## Required action
Leave out the images and transcribe the entries below word for word.

○ ○ ○ ○

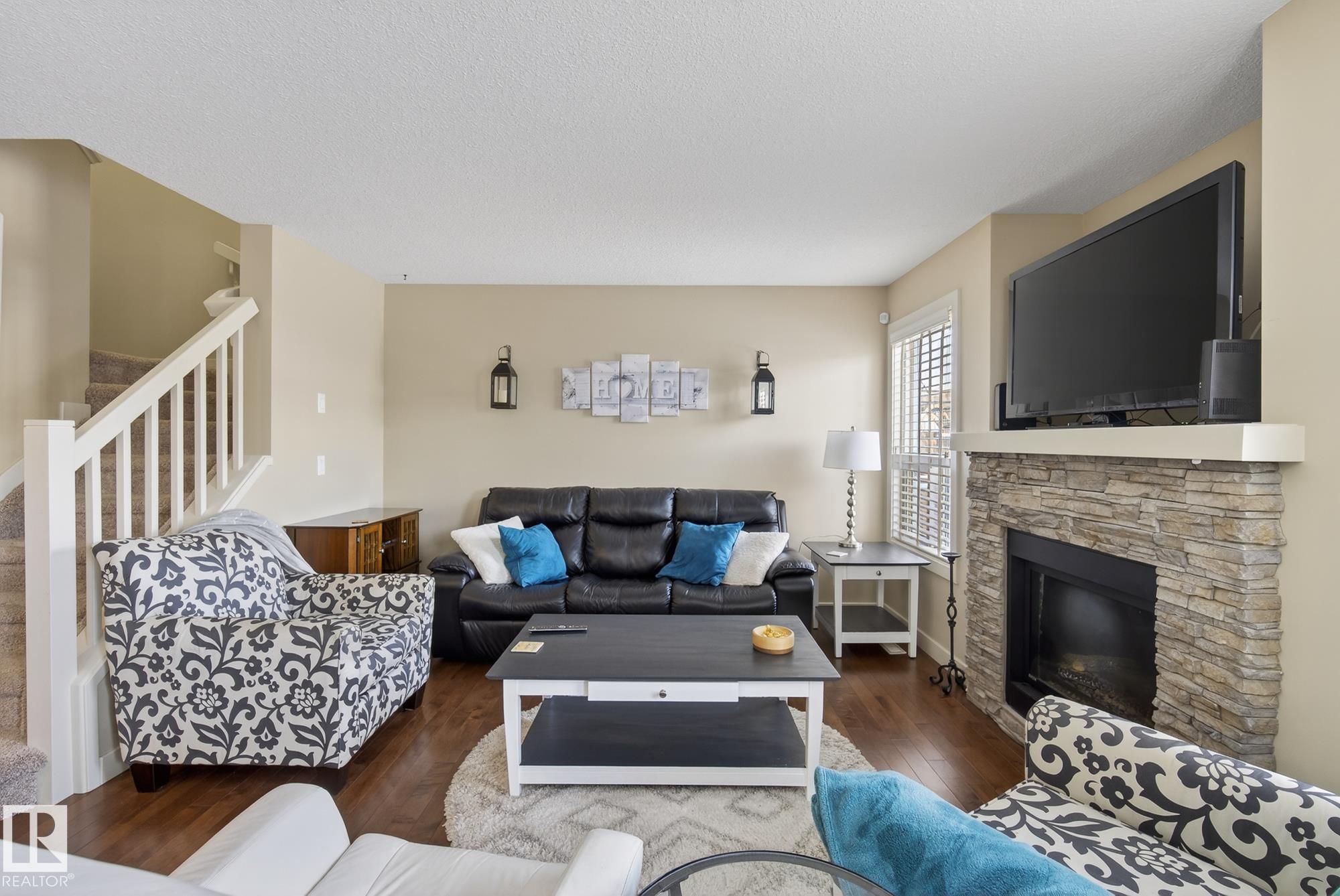 BEAUTIFUL MODERN 1536 sq/ft, 2+1 Bedroom Summerwood Half-Duplex. NO CONDO FEES! A Desirable location in East Sherwood Park very close to the Hospital, Schools, Shopping & access to Hwy 21, Anthony Henday & the Yellowhead. Inviting Foyer with Half Bath between Main Entry and Garage Entry. The Living room features Two Large Window & a Gas F/P! The Kitchen offers a Great Layout with a Large Island, Corner Pantry & Granite Countertops. Nice Dining area next to sliding Patio Door to the Deck with Morning Sunshine and Natural Gas Line. The Upstairs offers a Bonus area for a Den/Office, Laundry area Plus TWO HUGE Primary Bedrooms each with a Walk-In Closet (One boasts a Custom Designed Closet) and 4pce Ensuite. The IMPRESSIVE Finished Basement boasts a Family/Rec Room, Bedroom, 3pce Bathroom & a Storage room! Other FEATURES/UPGRADES: A/C, Hardwood Flowing thru the Main Level plus a 20'x20' Deck! The Backyard is Fenced / Landscaped!
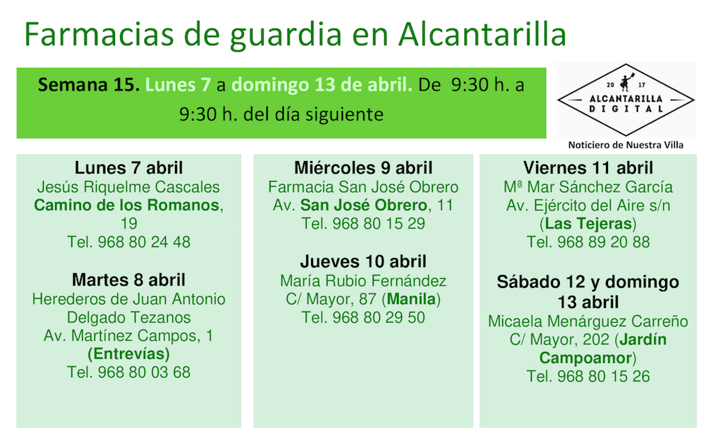 Farmacias de guardia en Alcantarilla del lunes 7 al domingo 13 de abril de 2025. De las 9:30 h. a las 9:30 h. del día siguiente.
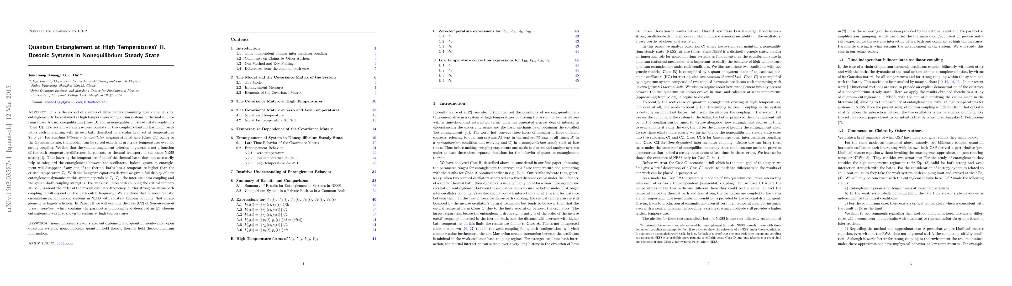 This is the second of a series of three papers examining how viable it is for entanglement to be sustained at high temperatures for quantum systems in thermal equilibrium (Case A), in nonequilibrium (Case B) and in nonequilibrium steady state conditions (Case C). The system we analyze here consists of two coupled quantum harmonic oscillators each interacting with its own bath described by a scalar field, set at temperatures $T_1 > T_2$. For \textit{constant bilinear inter-oscillator coupling} studied here (Case C1) owing to the Gaussian nature, the problem can be solved exactly at arbitrary temperatures even for strong coupling. We find that the valid entanglement criterion in general is not a function of the bath temperature difference, in contrast to thermal transport in the same NESS setting [1]. Thus lowering the temperature of one of the thermal baths does not necessarily help to safeguard the entanglement between the oscillators. Indeed, quantum entanglement will disappear if any one of the thermal baths has a temperature higher than the critical temperature $T_c$. With the Langevin equations derived we give a full display of how entanglement dynamics in this system depends on $T_{1}$, $T_{2}$ , the inter-oscillator coupling and the system-bath coupling strengths. For weak oscillator-bath coupling the critical temperature $T_c$ is about the order of the inverse oscillator frequency, but for strong oscillator-bath coupling it will depend on the bath cutoff frequency. We conclude that in most realistic circumstances, for bosonic systems in NESS with constant bilinear coupling, `hot entanglement' is largely a fiction. In Paper III we will examine the case (C2) of \textit{time-dependent driven coupling } which contains the parametric pumping type described in [2] wherein entanglement was first shown to sustain at high temperatures.
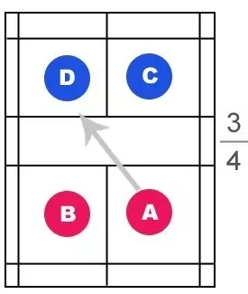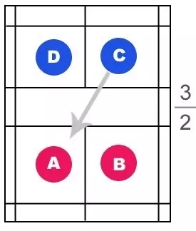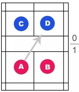 2、A和B得1分。A和B交换发球区。A从左发球区再次发球。C和D在原发球区接发球。1-0从左发球区A发球,D接发球。
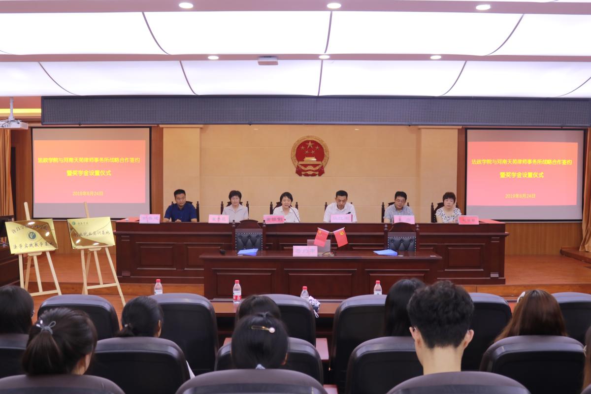 6月24日上午,金沙官网法政学院与河南天苑律师事务所在C合二模拟法庭举行战略合作签约暨奖学金设置仪式。副院长黄怡俐、河南天苑律师事务所主任马红军出席会议,党委宣传部、法政学院等相关负责同志及法政学院全体师生参加了签约仪式。
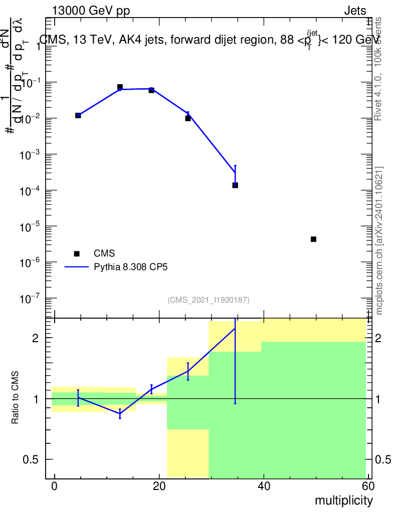 Lines: data, pythia8 8.308 CP5 |
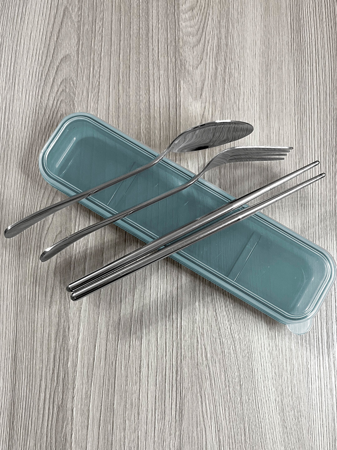 Дорожный набор столовых приборов из 3 предметов (вилка, ложка , китайские палочки), увеличена толщина металла, голубой
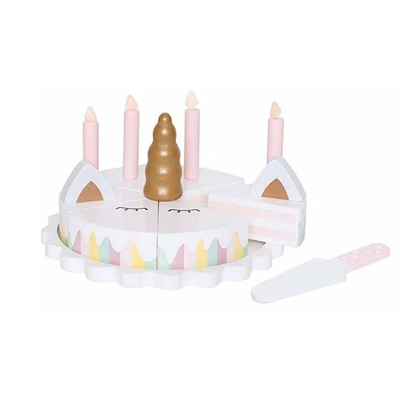 Acest delicios tort unicorn din lemn cu șase felii mari și un corn și luminițe, îl va face pe copilul dvs. foarte popular la petrecerile sale.
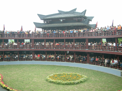 楼船组成,是《三国演义》中“火烧赤壁”、“横槊赋诗”、“草船借箭”等戏的拍摄地。曹操点将台两侧,战鼓矗立,依稀可见一代枭雄曹公当年的威仪。站在三层高的点将台上,极目远眺,水寨风光尽收眼底。陆地上的楼台堂榭与湖上的望江敌楼相峙对望,让人惊叹设计者的独具匠心和建造者的巧夺天工。整个曹营还是“火烧赤壁”这场戏的拍摄地。据统计,在拍摄“火烧赤壁”这场戏时,就动用了九台摄像机、一架直升机,从空中、陆地、水上同时进行拍摄。刹时,火光冲天,烈焰翻腾,东西绵延500米的曹营成为一片火海。曹营内,古朴雄伟的大辕门连接一条80米长、6米宽的甬道直通曹操楼船。三层高的楼船固定于湖面,游人扶舷抚舱之际,遥想1700多年前曹公踌躇满志、横槊赋诗的慷概之情,顿生“是非成败转头空”的沧桑之感。 竞技场·赤壁栈道 长约百米的古城墙下,是一座坞堡式样的竞技场馆,极具汉代特色,建筑面积达1234平方米页码:[1] [2] [3] [4] [5] [6] [7] [8] 第4页、共8页
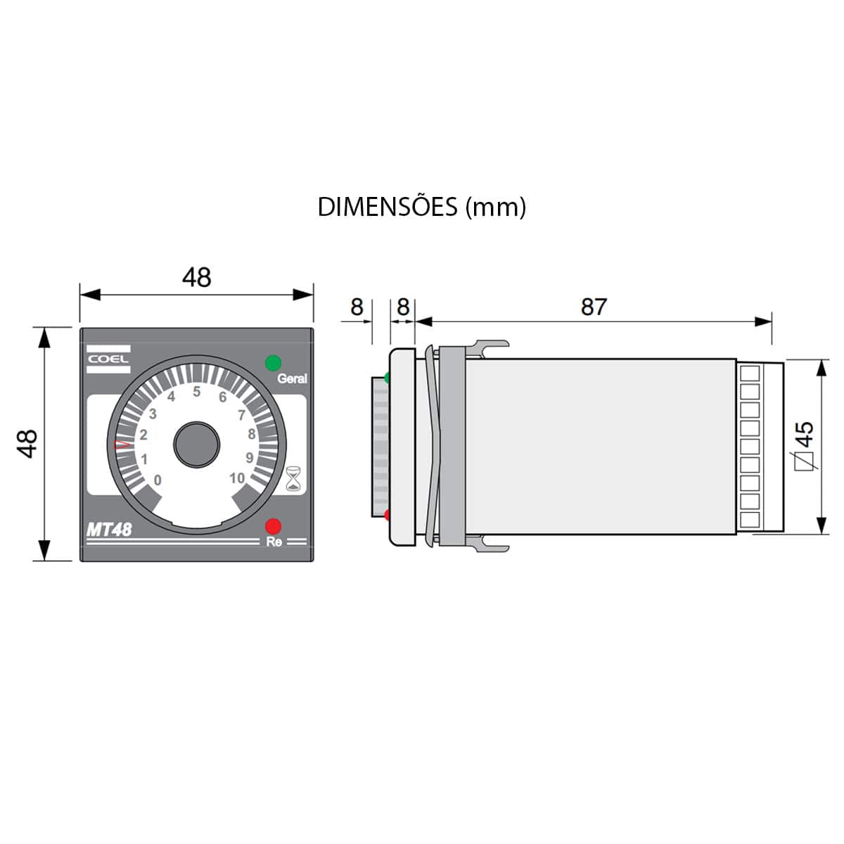 O temporizador eletrônico MT48M é um instrumento multiescala, multifunção, versátil e de fácil utilização com 2 saídas relés SPDT. Possui micro chaves (DIP interno) para configurar a base de tempo (de 1 segundo a 10 horas) e a função de temporização (10 modos de funcionamento).
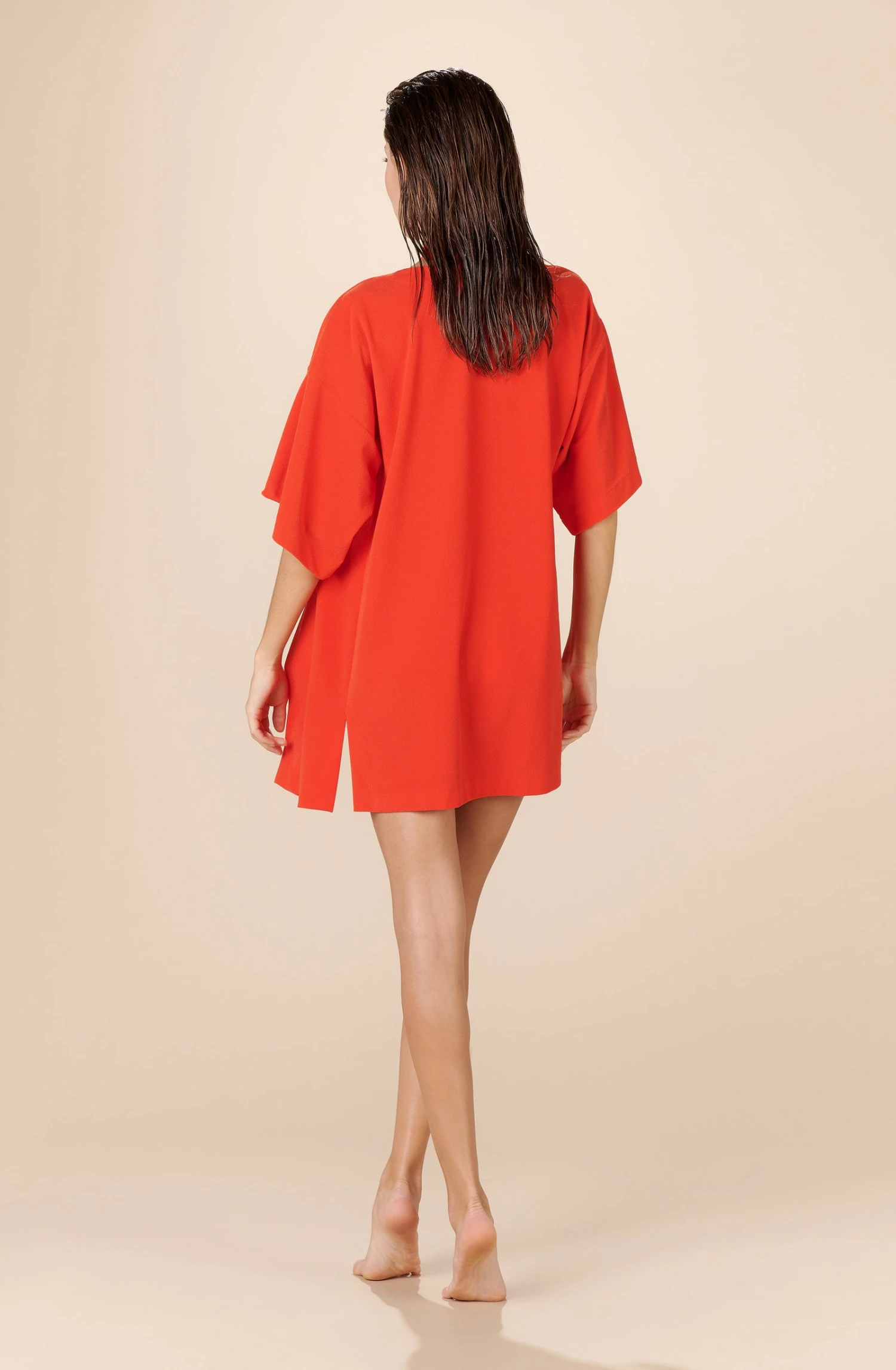 La veste ample VENDA inspire la simplicité et le confort. Son tombé parfait offre une grande aisance de mouvement et son tissu en éponge recyclé est très agréable à porter à la plage comme en ville. Flamboyant, l’orange iconique rappelle le style pop des seventies.
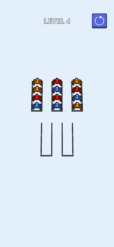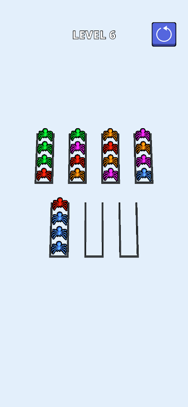 Spider Sorting — игра о группировке пауков по цвету. Цель игры — объединить всех пауков в группы со всеми остальными пауками того же цвета.

○ ○ ○ ○

## Exercise response
 BEAUTIFUL MODERN 1536 sq/ft, 2+1 Bedroom Summerwood Half-Duplex. NO CONDO FEES! A Desirable location in East Sherwood Park very close to the Hospital, Schools, Shopping & access to Hwy 21, Anthony Henday & the Yellowhead. Inviting Foyer with Half Bath between Main Entry and Garage Entry. The Living room features Two Large Window & a Gas F/P! The Kitchen offers a Great Layout with a Large Island, Corner Pantry & Granite Countertops. Nice Dining area next to sliding Patio Door to the Deck with Morning Sunshine and Natural Gas Line. The Upstairs offers a Bonus area for a Den/Office, Laundry area Plus TWO HUGE Primary Bedrooms each with a Walk-In Closet (One boasts a Custom Designed Closet) and 4pce Ensuite. The IMPRESSIVE Finished Basement boasts a Family/Rec Room, Bedroom, 3pce Bathroom & a Storage room! Other FEATURES/UPGRADES: A/C, Hardwood Flowing thru the Main Level plus a 20'x20' Deck! The Backyard is Fenced / Landscaped!
 Farmacias de guardia en Alcantarilla del lunes 7 al domingo 13 de abril de 2025. De las 9:30 h. a las 9:30 h. del día siguiente.
 This is the second of a series of three papers examining how viable it is for entanglement to be sustained at high temperatures for quantum systems in thermal equilibrium (Case A), in nonequilibrium (Case B) and in nonequilibrium steady state conditions (Case C). The system we analyze here consists of two coupled quantum harmonic oscillators each interacting with its own bath described by a scalar field, set at temperatures $T_1 > T_2$. For \textit{constant bilinear inter-oscillator coupling} studied here (Case C1) owing to the Gaussian nature, the problem can be solved exactly at arbitrary temperatures even for strong coupling. We find that the valid entanglement criterion in general is not a function of the bath temperature difference, in contrast to thermal transport in the same NESS setting [1]. Thus lowering the temperature of one of the thermal baths does not necessarily help to safeguard the entanglement between the oscillators. Indeed, quantum entanglement will disappear if any one of the thermal baths has a temperature higher than the critical temperature $T_c$. With the Langevin equations derived we give a full display of how entanglement dynamics in this system depends on $T_{1}$, $T_{2}$ , the inter-oscillator coupling and the system-bath coupling strengths. For weak oscillator-bath coupling the critical temperature $T_c$ is about the order of the inverse oscillator frequency, but for strong oscillator-bath coupling it will depend on the bath cutoff frequency. We conclude that in most realistic circumstances, for bosonic systems in NESS with constant bilinear coupling, `hot entanglement' is largely a fiction. In Paper III we will examine the case (C2) of \textit{time-dependent driven coupling } which contains the parametric pumping type described in [2] wherein entanglement was first shown to sustain at high temperatures.
 2、A和B得1分。A和B交换发球区。A从左发球区再次发球。C和D在原发球区接发球。1-0从左发球区A发球,D接发球。
 6月24日上午,金沙官网法政学院与河南天苑律师事务所在C合二模拟法庭举行战略合作签约暨奖学金设置仪式。副院长黄怡俐、河南天苑律师事务所主任马红军出席会议,党委宣传部、法政学院等相关负责同志及法政学院全体师生参加了签约仪式。
 Lines: data, pythia8 8.308 CP5 |
 Дорожный набор столовых приборов из 3 предметов (вилка, ложка , китайские палочки), увеличена толщина металла, голубой
 Acest delicios tort unicorn din lemn cu șase felii mari și un corn și luminițe, îl va face pe copilul dvs. foarte popular la petrecerile sale.
 楼船组成,是《三国演义》中“火烧赤壁”、“横槊赋诗”、“草船借箭”等戏的拍摄地。曹操点将台两侧,战鼓矗立,依稀可见一代枭雄曹公当年的威仪。站在三层高的点将台上,极目远眺,水寨风光尽收眼底。陆地上的楼台堂榭与湖上的望江敌楼相峙对望,让人惊叹设计者的独具匠心和建造者的巧夺天工。整个曹营还是“火烧赤壁”这场戏的拍摄地。据统计,在拍摄“火烧赤壁”这场戏时,就动用了九台摄像机、一架直升机,从空中、陆地、水上同时进行拍摄。刹时,火光冲天,烈焰翻腾,东西绵延500米的曹营成为一片火海。曹营内,古朴雄伟的大辕门连接一条80米长、6米宽的甬道直通曹操楼船。三层高的楼船固定于湖面,游人扶舷抚舱之际,遥想1700多年前曹公踌躇满志、横槊赋诗的慷概之情,顿生“是非成败转头空”的沧桑之感。 竞技场·赤壁栈道 长约百米的古城墙下,是一座坞堡式样的竞技场馆,极具汉代特色,建筑面积达1234平方米页码:[1] [2] [3] [4] [5] [6] [7] [8] 第4页、共8页
 O temporizador eletrônico MT48M é um instrumento multiescala, multifunção, versátil e de fácil utilização com 2 saídas relés SPDT. Possui micro chaves (DIP interno) para configurar a base de tempo (de 1 segundo a 10 horas) e a função de temporização (10 modos de funcionamento).
 La veste ample VENDA inspire la simplicité et le confort. Son tombé parfait offre une grande aisance de mouvement et son tissu en éponge recyclé est très agréable à porter à la plage comme en ville. Flamboyant, l’orange iconique rappelle le style pop des seventies.
 Spider Sorting — игра о группировке пауков по цвету. Цель игры — объединить всех пауков в группы со всеми остальными пауками того же цвета.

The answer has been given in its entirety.